** STUDY MATERIAL follows **

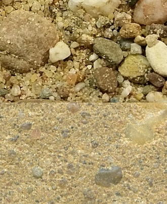 Oben: Korngerüst 0/16 mm als Ausgangsmaterial, lose geschüttet. Eine spezielle, güteüberwachte Sieblinie entsprechend der aktuellen Beton-Norm gewährleistet hohe Festigkeiten/Scherfestigkeiten. Unten: BENTOFILL 0/16 ST Fertigmischung im verdichteten Zustand. Neben einem natürlichen, hochquellfähigen Bentonit enthalten alle BENTOFILL ST-Mischungen zusätzlich einen inerten Füller, der eine hohe Dichtigkeit auch bei etwaigem Quellverlust des Bentonits (z.B. in Schwermetall belasteten Böden oder durch Salzfrachten) gewährleistet. Durch den Aufbau Korn an Korn bleibt das Komprimat auch bei völliger Austrocknung volumenstabil. |
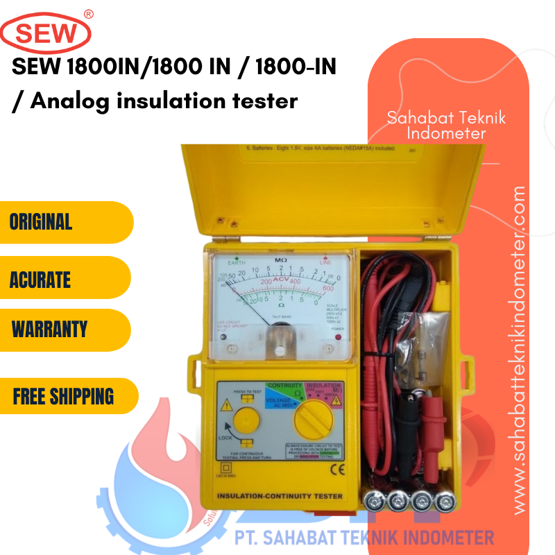 Analog Insulation Tester SEW 1800IN adalah alat pengukur yang dirancang khusus untuk menguji isolasi dalam sistem kelistrikan. Dengan kegunaan utama untuk mengukur resistansi isolasi, alat ini membantu dalam menentukan apakah suatu sistem atau perangkat aman untuk digunakan atau tidak. Pengujian isolasi sangat penting dalam menjaga keandalan dan keamanan instalasi listrik, sehingga mencegah terjadinya kebocoran arus yang bisa membahayakan pengguna. SEW 1800IN memfasilitasi teknisi listrik dan profesional lainnya dalam melakukan evaluasi menyeluruh terhadap sistem kelistrikan yang mereka tangani.
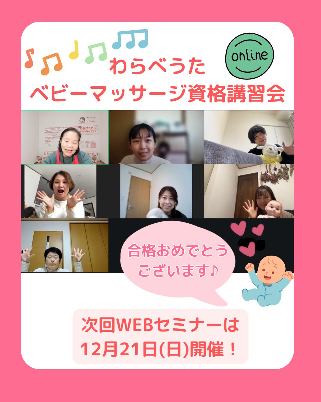 わらべうたベビーマッサージWEBセミナー本日、11月23日に開催させていただきました️「わらべうたベビーマッサージで、愛情をたっぷり注ぐあたたかい時間をたくさんの親子にひろめていきたい!」素敵な想いをお持ちのインストラクターが誕生いたしました🥰皆さま、合格おめでとうございます。全国各地にわらベビの笑顔の輪がひろがりますように楽しい子育てを応援しております!次回WEBセミナーは・・・12月21日(日) 9:30~16:30年内最後のオンラインです!そしてスキルアップに【アドバンスセラピスト養成講座】ファミリーセラピスト修了証が発行できる資格養成講座です。※合格された方は、遊びにおいでよ!プロジェクト講師としてもご活躍いただけます。12月16日(火) 9:30~13:30会場:オンラインお申込みは Instagramプロフィールlinktr.ee/warabebiをご覧ください。お申込み心よりお待ちしております@warabebima#わらべうたベビーマッサージ研究会#わらべうたベビーマッサージ#助産師が考案#資格取得#アドバンスセラピスト@warabebima@MomokaIiyaman_yokosupa67101@minawarawa@kumikodktsk @soramimi_hirao @mamano.koe @mee_no_kaachan @hotto_fuu @une.yuri97 @koara.hug @ehon.to.warabebima @hidamari.sasebo @babysigns_kiminote @lalababy2014
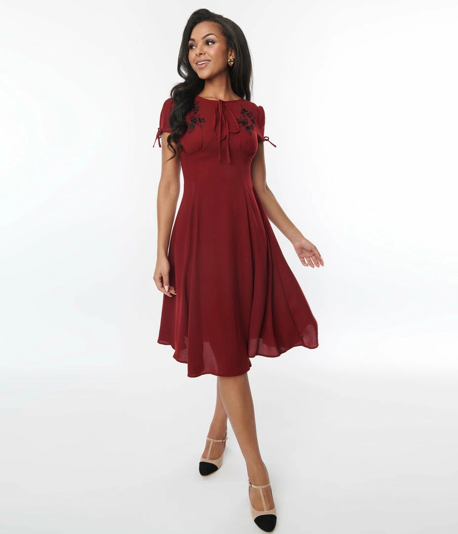This lovely swing dress is crafted in a lightweight burgundy woven fabric, delicately adorned with black floral on the shoulders. Completed with string ribbons on the sleeves and on the center of the neckline.
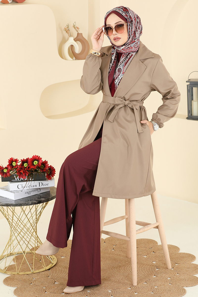 المنتج لديه ياقة مفتوحة. غير مبطنة. .لا يوجد جسر حزام في المنتج الحزام متضمن، ،يمكن استخدامها حسب الرغبة يحتوي المنتج على جيب. السوار مطاطي. قد يكون هناك اختلاف في الدرجة اللونية في المنتج بسبب التقاط الصور الفوتوغرافية.
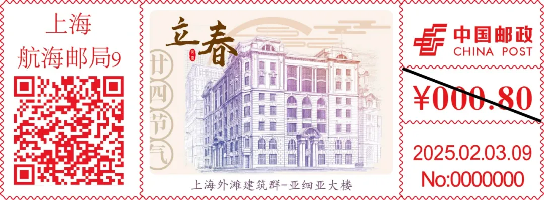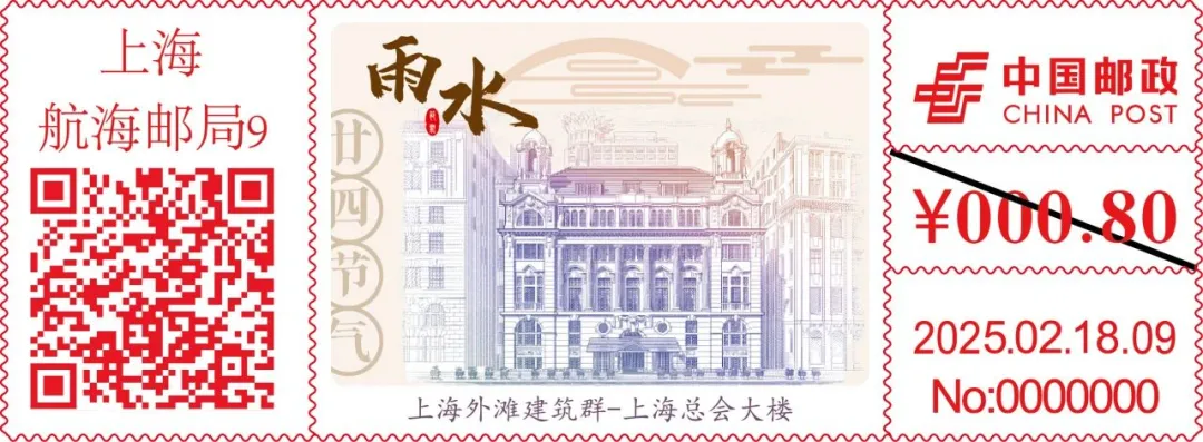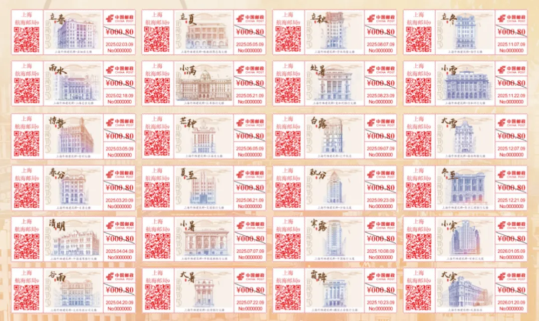 记者注意到,与以往的草木主题不同,此次发行的“二十四节气”系列邮资机戳,图案取材于上海外滩建筑群,全套共24枚,于2025年2月3日至2026年1月20日期间由航海邮局陆续发行。
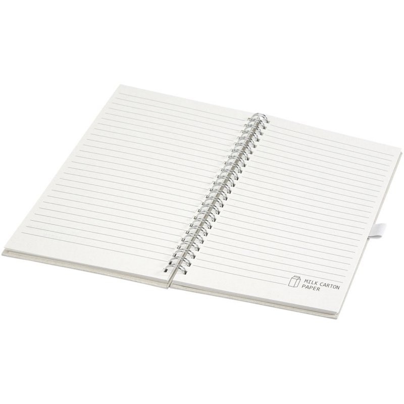 A5-formaat spiraal notitieboek met 70 gelinieerde vellen van 80 g/m², gemaakt van gerecyclede melkpakken (tot 70%). Gebruikte melkpakken worden ingezameld, gesorteerd, verwerkt en omgezet in papier, waardoor afval echt iets nuttigs wordt.
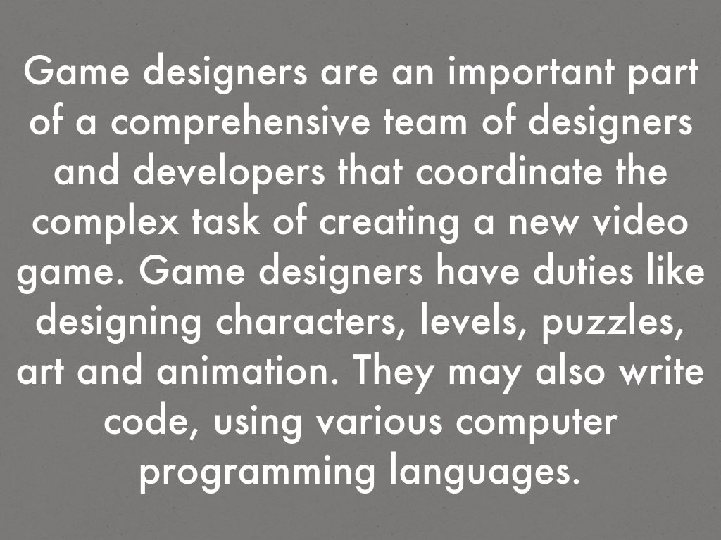 Game designers are an important part of a comprehensive team of designers and developers that coordinate the complex task of creating a new video game. Game designers have duties like designing characters, levels, puzzles, art and animation. They may also write code, using various computer programming languages.
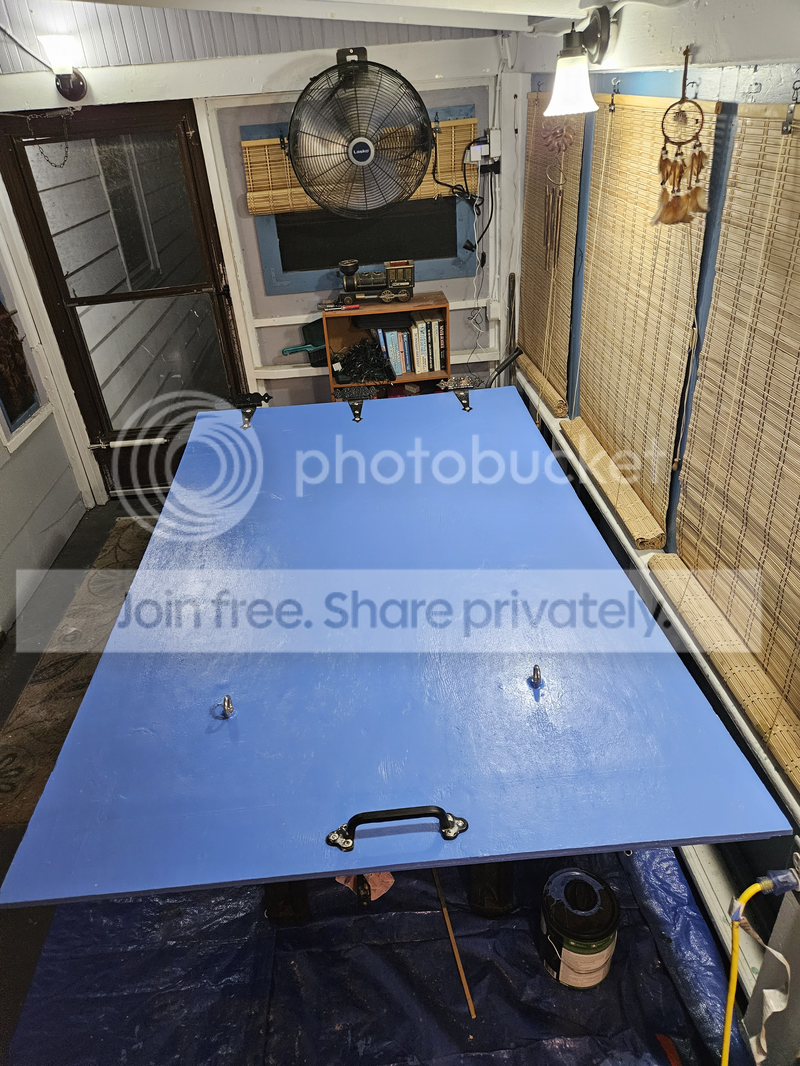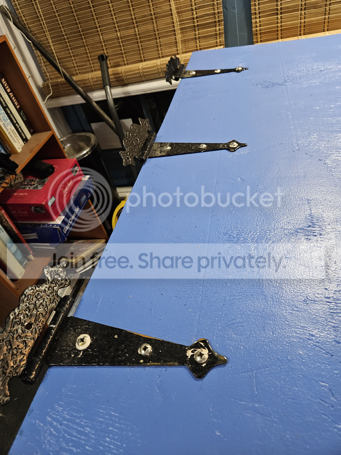 So, here is HD2.0 tonight... Boat House blue, with it's victorian hinges & handle... and it's double eye bolts.
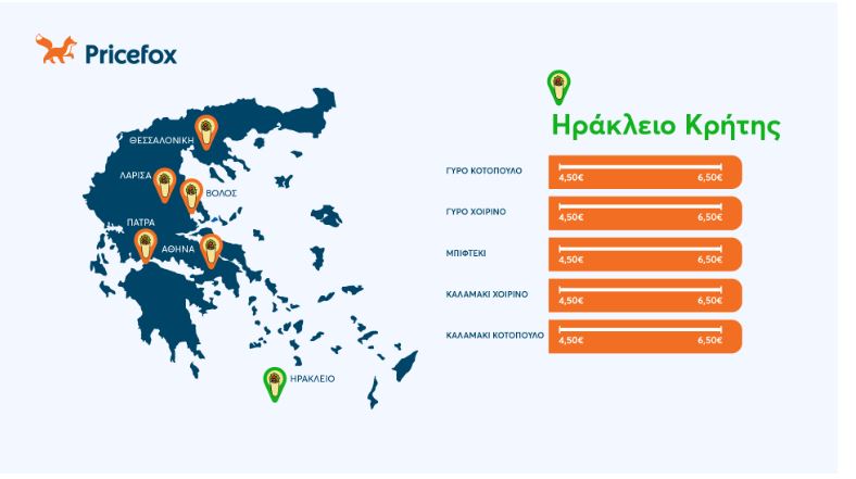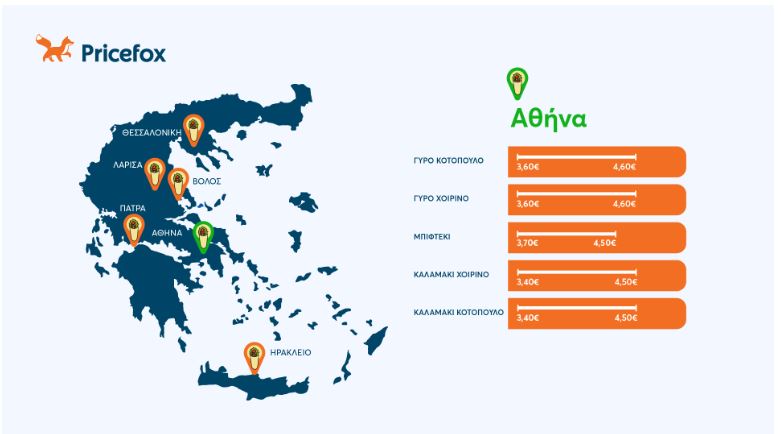 Οι μέσες τιμές για γύρο, μπιφτέκι και καλαμάκια κυμαίνονται περίπου από 3,96 ευρώ έως 4,19 ευρώ, με ελάχιστες τιμές γύρω στα 3,30 ευρώ–3,40 ευρώ.

** End of STUDY MATERIAL **

Return every entry unchanged and skip the pictures.

**RESULT OF THE EXERCISE**
 Oben: Korngerüst 0/16 mm als Ausgangsmaterial, lose geschüttet. Eine spezielle, güteüberwachte Sieblinie entsprechend der aktuellen Beton-Norm gewährleistet hohe Festigkeiten/Scherfestigkeiten. Unten: BENTOFILL 0/16 ST Fertigmischung im verdichteten Zustand. Neben einem natürlichen, hochquellfähigen Bentonit enthalten alle BENTOFILL ST-Mischungen zusätzlich einen inerten Füller, der eine hohe Dichtigkeit auch bei etwaigem Quellverlust des Bentonits (z.B. in Schwermetall belasteten Böden oder durch Salzfrachten) gewährleistet. Durch den Aufbau Korn an Korn bleibt das Komprimat auch bei völliger Austrocknung volumenstabil. |
 Analog Insulation Tester SEW 1800IN adalah alat pengukur yang dirancang khusus untuk menguji isolasi dalam sistem kelistrikan. Dengan kegunaan utama untuk mengukur resistansi isolasi, alat ini membantu dalam menentukan apakah suatu sistem atau perangkat aman untuk digunakan atau tidak. Pengujian isolasi sangat penting dalam menjaga keandalan dan keamanan instalasi listrik, sehingga mencegah terjadinya kebocoran arus yang bisa membahayakan pengguna. SEW 1800IN memfasilitasi teknisi listrik dan profesional lainnya dalam melakukan evaluasi menyeluruh terhadap sistem kelistrikan yang mereka tangani.
 わらべうたベビーマッサージWEBセミナー本日、11月23日に開催させていただきました️「わらべうたベビーマッサージで、愛情をたっぷり注ぐあたたかい時間をたくさんの親子にひろめていきたい!」素敵な想いをお持ちのインストラクターが誕生いたしました🥰皆さま、合格おめでとうございます。全国各地にわらベビの笑顔の輪がひろがりますように楽しい子育てを応援しております!次回WEBセミナーは・・・12月21日(日) 9:30~16:30年内最後のオンラインです!そしてスキルアップに【アドバンスセラピスト養成講座】ファミリーセラピスト修了証が発行できる資格養成講座です。※合格された方は、遊びにおいでよ!プロジェクト講師としてもご活躍いただけます。12月16日(火) 9:30~13:30会場:オンラインお申込みは Instagramプロフィールlinktr.ee/warabebiをご覧ください。お申込み心よりお待ちしております@warabebima#わらべうたベビーマッサージ研究会#わらべうたベビーマッサージ#助産師が考案#資格取得#アドバンスセラピスト@warabebima@MomokaIiyaman_yokosupa67101@minawarawa@kumikodktsk @soramimi_hirao @mamano.koe @mee_no_kaachan @hotto_fuu @une.yuri97 @koara.hug @ehon.to.warabebima @hidamari.sasebo @babysigns_kiminote @lalababy2014
This lovely swing dress is crafted in a lightweight burgundy woven fabric, delicately adorned with black floral on the shoulders. Completed with string ribbons on the sleeves and on the center of the neckline.
 المنتج لديه ياقة مفتوحة. غير مبطنة. .لا يوجد جسر حزام في المنتج الحزام متضمن، ،يمكن استخدامها حسب الرغبة يحتوي المنتج على جيب. السوار مطاطي. قد يكون هناك اختلاف في الدرجة اللونية في المنتج بسبب التقاط الصور الفوتوغرافية.
 记者注意到,与以往的草木主题不同,此次发行的“二十四节气”系列邮资机戳,图案取材于上海外滩建筑群,全套共24枚,于2025年2月3日至2026年1月20日期间由航海邮局陆续发行。
 A5-formaat spiraal notitieboek met 70 gelinieerde vellen van 80 g/m², gemaakt van gerecyclede melkpakken (tot 70%). Gebruikte melkpakken worden ingezameld, gesorteerd, verwerkt en omgezet in papier, waardoor afval echt iets nuttigs wordt.
 Game designers are an important part of a comprehensive team of designers and developers that coordinate the complex task of creating a new video game. Game designers have duties like designing characters, levels, puzzles, art and animation. They may also write code, using various computer programming languages.
 So, here is HD2.0 tonight... Boat House blue, with it's victorian hinges & handle... and it's double eye bolts.
 Οι μέσες τιμές για γύρο, μπιφτέκι και καλαμάκια κυμαίνονται περίπου από 3,96 ευρώ έως 4,19 ευρώ, με ελάχιστες τιμές γύρω στα 3,30 ευρώ–3,40 ευρώ.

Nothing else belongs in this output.